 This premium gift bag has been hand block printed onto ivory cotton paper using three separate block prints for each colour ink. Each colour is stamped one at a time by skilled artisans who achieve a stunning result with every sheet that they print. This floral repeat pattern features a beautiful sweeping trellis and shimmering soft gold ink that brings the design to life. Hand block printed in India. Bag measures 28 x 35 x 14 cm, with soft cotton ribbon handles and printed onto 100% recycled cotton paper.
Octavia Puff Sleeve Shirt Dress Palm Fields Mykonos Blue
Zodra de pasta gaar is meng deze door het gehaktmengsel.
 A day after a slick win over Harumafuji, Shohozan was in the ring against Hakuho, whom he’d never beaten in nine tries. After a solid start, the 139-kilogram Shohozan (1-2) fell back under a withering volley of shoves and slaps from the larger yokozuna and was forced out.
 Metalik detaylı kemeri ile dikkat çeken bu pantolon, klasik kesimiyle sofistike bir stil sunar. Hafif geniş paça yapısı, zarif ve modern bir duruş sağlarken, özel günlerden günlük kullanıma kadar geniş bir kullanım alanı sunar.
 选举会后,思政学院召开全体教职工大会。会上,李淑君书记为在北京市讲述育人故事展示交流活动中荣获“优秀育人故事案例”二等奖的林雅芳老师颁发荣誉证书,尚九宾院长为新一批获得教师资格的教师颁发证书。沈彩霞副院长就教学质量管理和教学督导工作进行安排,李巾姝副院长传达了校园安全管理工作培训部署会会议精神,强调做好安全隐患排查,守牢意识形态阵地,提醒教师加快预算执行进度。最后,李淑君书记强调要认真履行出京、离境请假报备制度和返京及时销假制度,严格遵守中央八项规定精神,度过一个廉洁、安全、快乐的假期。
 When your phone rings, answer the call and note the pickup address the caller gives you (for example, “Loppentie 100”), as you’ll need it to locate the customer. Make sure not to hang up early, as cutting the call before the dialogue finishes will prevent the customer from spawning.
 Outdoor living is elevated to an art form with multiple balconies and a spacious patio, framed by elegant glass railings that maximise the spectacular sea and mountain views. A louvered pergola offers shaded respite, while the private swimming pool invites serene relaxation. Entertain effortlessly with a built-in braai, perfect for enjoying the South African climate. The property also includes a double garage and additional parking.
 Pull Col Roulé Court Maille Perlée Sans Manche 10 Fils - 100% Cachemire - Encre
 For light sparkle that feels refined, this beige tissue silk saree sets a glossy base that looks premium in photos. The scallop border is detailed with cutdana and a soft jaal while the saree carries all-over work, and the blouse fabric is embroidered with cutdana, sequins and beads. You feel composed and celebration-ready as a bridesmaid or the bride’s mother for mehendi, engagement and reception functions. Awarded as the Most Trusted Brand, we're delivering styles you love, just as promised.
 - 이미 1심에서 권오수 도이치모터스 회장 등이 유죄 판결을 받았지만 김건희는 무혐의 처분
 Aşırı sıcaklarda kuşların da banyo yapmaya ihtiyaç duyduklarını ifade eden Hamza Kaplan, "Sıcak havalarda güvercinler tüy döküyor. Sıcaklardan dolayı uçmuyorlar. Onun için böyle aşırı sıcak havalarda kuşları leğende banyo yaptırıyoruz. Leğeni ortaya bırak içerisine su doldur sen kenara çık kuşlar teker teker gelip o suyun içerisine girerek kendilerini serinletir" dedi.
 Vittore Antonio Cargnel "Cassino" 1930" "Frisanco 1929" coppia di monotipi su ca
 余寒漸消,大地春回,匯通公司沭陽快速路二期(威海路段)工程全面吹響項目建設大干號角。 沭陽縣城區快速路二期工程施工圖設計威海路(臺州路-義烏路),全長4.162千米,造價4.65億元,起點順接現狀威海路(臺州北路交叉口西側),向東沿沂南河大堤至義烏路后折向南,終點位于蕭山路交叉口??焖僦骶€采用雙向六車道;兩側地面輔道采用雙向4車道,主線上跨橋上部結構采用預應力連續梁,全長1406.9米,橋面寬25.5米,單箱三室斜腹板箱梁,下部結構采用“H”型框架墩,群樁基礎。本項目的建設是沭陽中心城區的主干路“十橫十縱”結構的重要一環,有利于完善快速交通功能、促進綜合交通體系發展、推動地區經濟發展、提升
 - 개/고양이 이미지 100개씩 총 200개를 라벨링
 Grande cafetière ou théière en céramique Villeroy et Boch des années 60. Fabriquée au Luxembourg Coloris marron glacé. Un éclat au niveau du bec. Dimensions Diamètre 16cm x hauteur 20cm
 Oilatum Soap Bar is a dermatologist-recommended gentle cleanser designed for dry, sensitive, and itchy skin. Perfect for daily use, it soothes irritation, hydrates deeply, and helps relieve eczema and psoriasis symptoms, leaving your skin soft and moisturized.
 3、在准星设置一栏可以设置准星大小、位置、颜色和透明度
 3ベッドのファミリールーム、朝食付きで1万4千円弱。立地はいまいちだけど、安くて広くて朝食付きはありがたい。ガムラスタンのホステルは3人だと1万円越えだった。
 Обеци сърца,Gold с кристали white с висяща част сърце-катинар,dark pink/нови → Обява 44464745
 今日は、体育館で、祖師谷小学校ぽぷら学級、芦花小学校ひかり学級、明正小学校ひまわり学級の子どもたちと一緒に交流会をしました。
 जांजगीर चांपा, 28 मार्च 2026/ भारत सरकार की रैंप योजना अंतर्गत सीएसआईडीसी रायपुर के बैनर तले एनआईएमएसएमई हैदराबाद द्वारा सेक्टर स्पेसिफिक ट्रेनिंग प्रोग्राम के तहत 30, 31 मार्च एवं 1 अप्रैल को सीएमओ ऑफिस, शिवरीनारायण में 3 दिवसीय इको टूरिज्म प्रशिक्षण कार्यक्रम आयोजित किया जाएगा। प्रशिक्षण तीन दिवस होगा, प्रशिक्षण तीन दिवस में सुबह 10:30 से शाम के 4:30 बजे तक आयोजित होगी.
....
* [Aim of the exercise] In the listing above, find the line containing "选举会后,思政学院召开全体教" and the line containing "Pull Col Roulé", then quote both, plus every line between them, exactly as written.

* [Output]
 选举会后,思政学院召开全体教职工大会。会上,李淑君书记为在北京市讲述育人故事展示交流活动中荣获“优秀育人故事案例”二等奖的林雅芳老师颁发荣誉证书,尚九宾院长为新一批获得教师资格的教师颁发证书。沈彩霞副院长就教学质量管理和教学督导工作进行安排,李巾姝副院长传达了校园安全管理工作培训部署会会议精神,强调做好安全隐患排查,守牢意识形态阵地,提醒教师加快预算执行进度。最后,李淑君书记强调要认真履行出京、离境请假报备制度和返京及时销假制度,严格遵守中央八项规定精神,度过一个廉洁、安全、快乐的假期。
 When your phone rings, answer the call and note the pickup address the caller gives you (for example, “Loppentie 100”), as you’ll need it to locate the customer. Make sure not to hang up early, as cutting the call before the dialogue finishes will prevent the customer from spawning.
 Outdoor living is elevated to an art form with multiple balconies and a spacious patio, framed by elegant glass railings that maximise the spectacular sea and mountain views. A louvered pergola offers shaded respite, while the private swimming pool invites serene relaxation. Entertain effortlessly with a built-in braai, perfect for enjoying the South African climate. The property also includes a double garage and additional parking.
 Pull Col Roulé Court Maille Perlée Sans Manche 10 Fils - 100% Cachemire - Encre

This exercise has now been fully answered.